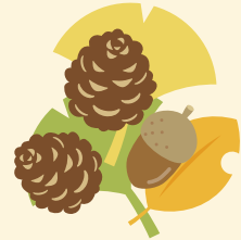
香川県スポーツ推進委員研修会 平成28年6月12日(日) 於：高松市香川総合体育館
****
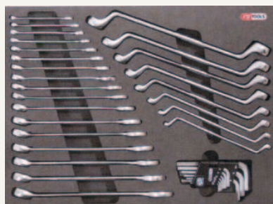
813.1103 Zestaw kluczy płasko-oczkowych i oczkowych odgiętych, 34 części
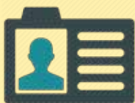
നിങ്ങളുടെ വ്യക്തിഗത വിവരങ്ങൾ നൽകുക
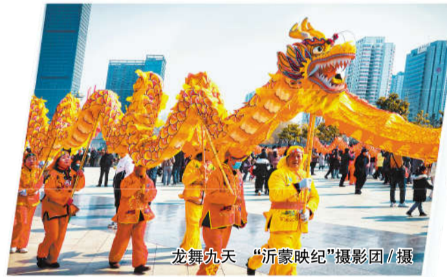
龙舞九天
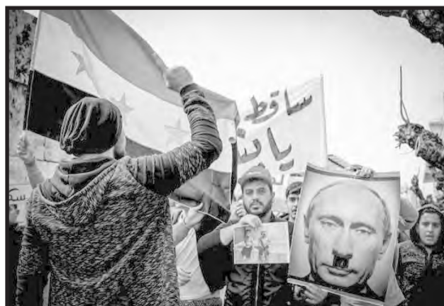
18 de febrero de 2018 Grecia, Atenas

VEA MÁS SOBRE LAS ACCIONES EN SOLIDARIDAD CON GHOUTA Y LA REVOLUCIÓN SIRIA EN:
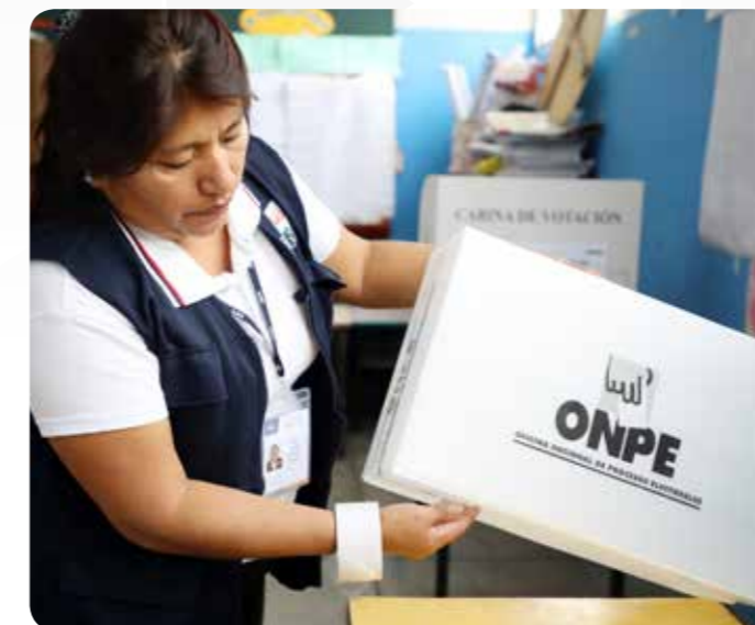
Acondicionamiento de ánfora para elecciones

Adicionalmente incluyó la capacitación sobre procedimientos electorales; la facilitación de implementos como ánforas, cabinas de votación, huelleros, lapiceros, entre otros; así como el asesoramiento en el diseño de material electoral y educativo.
****
— ACTIVITY —
Your answer should consist of the lines above between those holding "813.1103 Zestaw kluczy" and "Adicionalmente incluyó la", inclusive, reproduced word for word and without pictures.

— EXPECTED ANSWER —
813.1103 Zestaw kluczy płasko-oczkowych i oczkowych odgiętych, 34 części
നിങ്ങളുടെ വ്യക്തിഗത വിവരങ്ങൾ നൽകുക
龙舞九天
18 de febrero de 2018 Grecia, Atenas

VEA MÁS SOBRE LAS ACCIONES EN SOLIDARIDAD CON GHOUTA Y LA REVOLUCIÓN SIRIA EN:
Acondicionamiento de ánfora para elecciones

Adicionalmente incluyó la capacitación sobre procedimientos electorales; la facilitación de implementos como ánforas, cabinas de votación, huelleros, lapiceros, entre otros; así como el asesoramiento en el diseño de material electoral y educativo.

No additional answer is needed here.